====== PROVIDED INFORMATION ======
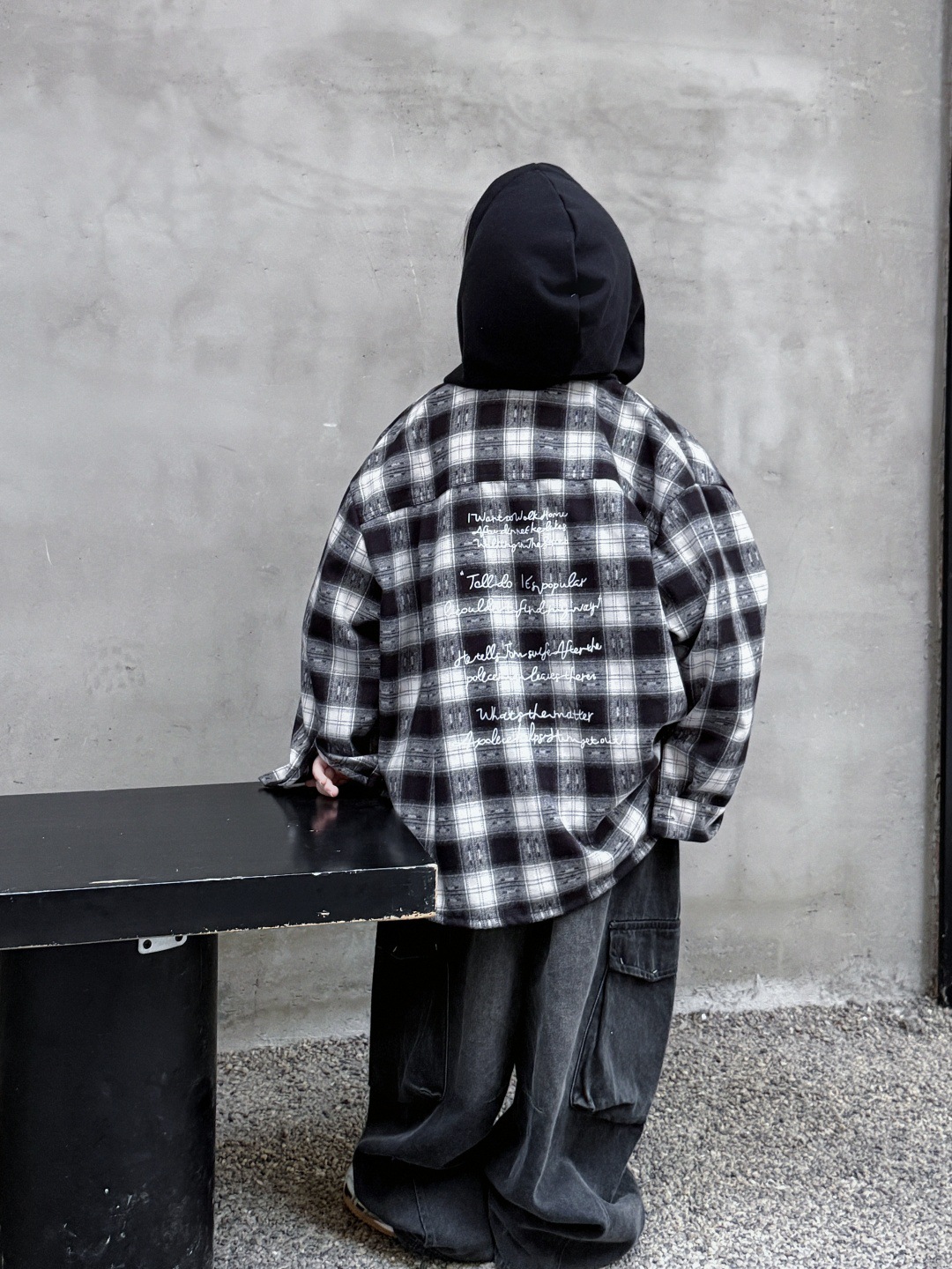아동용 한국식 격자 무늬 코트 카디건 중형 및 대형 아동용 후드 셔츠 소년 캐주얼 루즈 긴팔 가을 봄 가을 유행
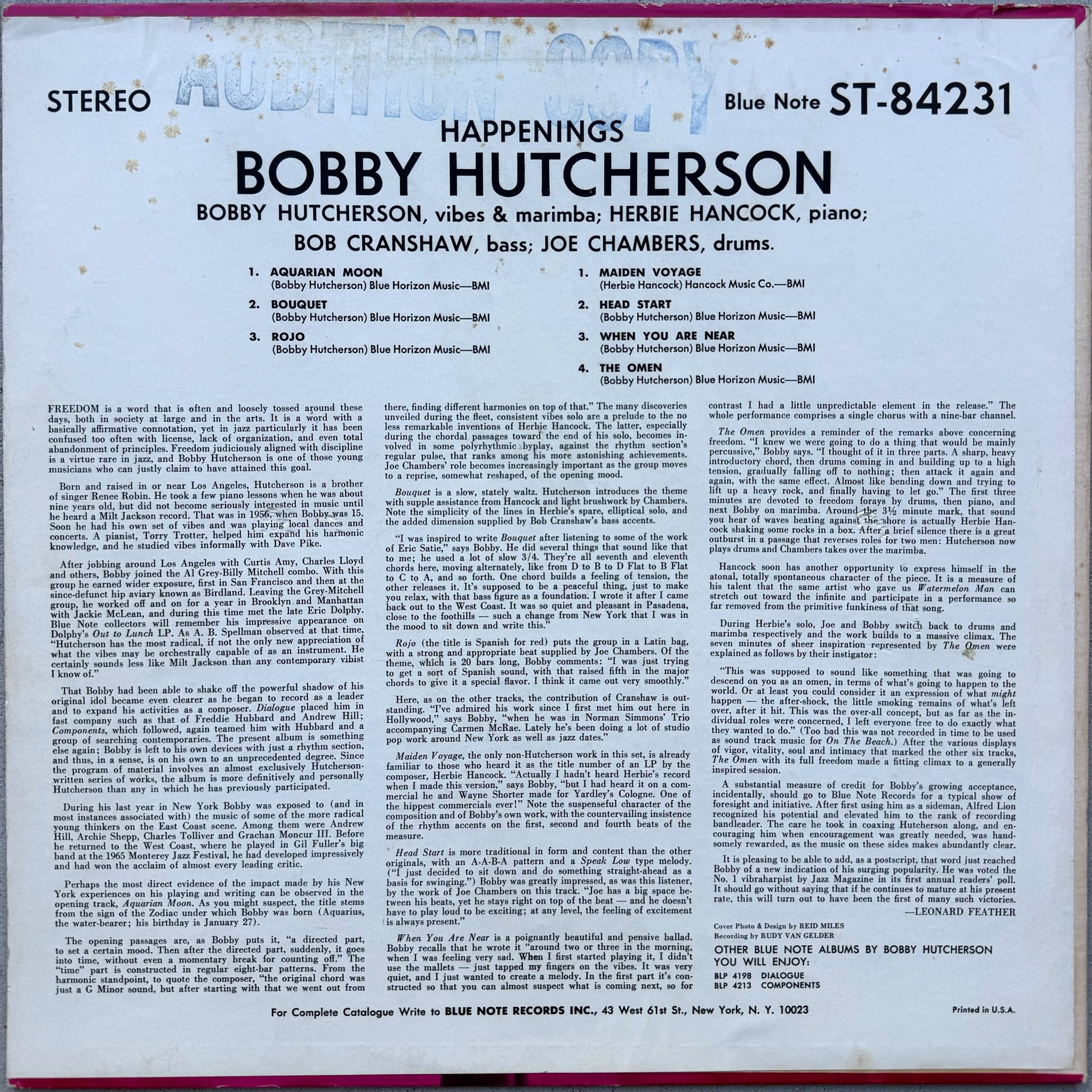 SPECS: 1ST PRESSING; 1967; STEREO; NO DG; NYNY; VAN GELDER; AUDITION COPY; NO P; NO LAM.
======
====== PROVIDED INFORMATION ======
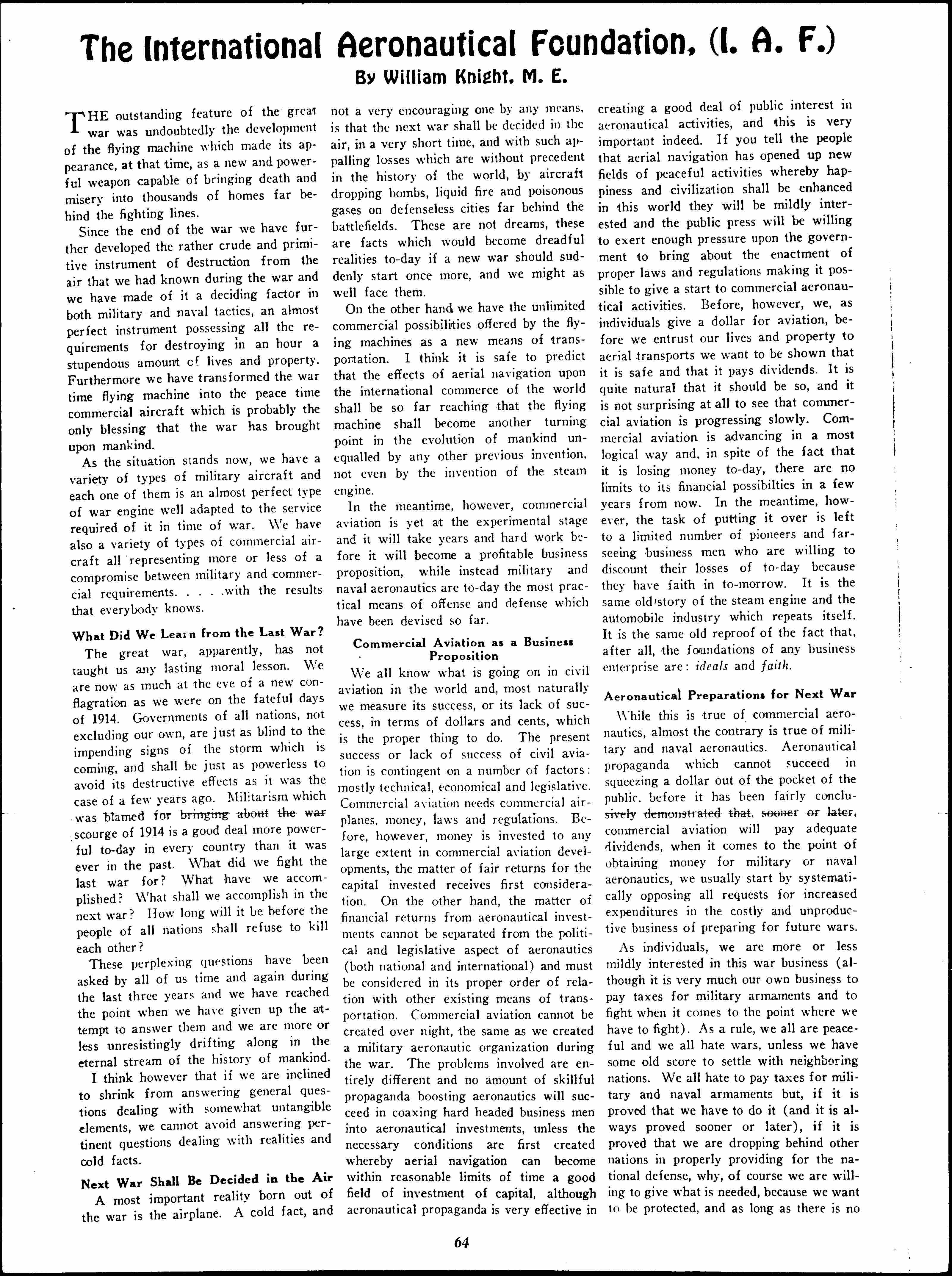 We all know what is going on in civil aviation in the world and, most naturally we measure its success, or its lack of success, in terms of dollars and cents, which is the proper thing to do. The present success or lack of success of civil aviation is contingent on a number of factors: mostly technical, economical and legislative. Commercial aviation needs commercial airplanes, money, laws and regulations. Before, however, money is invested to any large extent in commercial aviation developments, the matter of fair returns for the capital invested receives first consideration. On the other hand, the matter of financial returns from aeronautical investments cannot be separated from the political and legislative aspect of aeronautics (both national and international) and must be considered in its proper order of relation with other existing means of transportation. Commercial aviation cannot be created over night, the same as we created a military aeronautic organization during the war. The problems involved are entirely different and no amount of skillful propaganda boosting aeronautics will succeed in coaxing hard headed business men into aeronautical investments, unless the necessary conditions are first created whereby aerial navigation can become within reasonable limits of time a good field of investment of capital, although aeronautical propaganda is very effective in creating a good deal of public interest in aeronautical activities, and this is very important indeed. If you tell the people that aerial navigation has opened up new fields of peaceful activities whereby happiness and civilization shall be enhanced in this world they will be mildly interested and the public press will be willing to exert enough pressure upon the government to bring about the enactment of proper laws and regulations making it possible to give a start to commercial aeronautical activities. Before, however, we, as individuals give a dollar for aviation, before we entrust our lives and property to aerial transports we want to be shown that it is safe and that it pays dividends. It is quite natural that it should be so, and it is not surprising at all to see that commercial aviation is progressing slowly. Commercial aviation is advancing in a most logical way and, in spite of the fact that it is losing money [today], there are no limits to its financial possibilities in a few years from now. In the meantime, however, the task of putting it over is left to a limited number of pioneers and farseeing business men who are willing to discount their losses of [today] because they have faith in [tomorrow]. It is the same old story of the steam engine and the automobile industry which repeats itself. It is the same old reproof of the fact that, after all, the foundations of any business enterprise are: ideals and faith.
======
### [EXERCISE DESCRIPTION]
Only the lines above starting with the line with "아동용 한국식 격자 무늬" and going on through the line with "SPECS: 1ST PRESSING;" belong in the answer; repeat them exactly, minus any picture.

### [SOLUTION TO THE EXERCISE]
아동용 한국식 격자 무늬 코트 카디건 중형 및 대형 아동용 후드 셔츠 소년 캐주얼 루즈 긴팔 가을 봄 가을 유행
 SPECS: 1ST PRESSING; 1967; STEREO; NO DG; NYNY; VAN GELDER; AUDITION COPY; NO P; NO LAM.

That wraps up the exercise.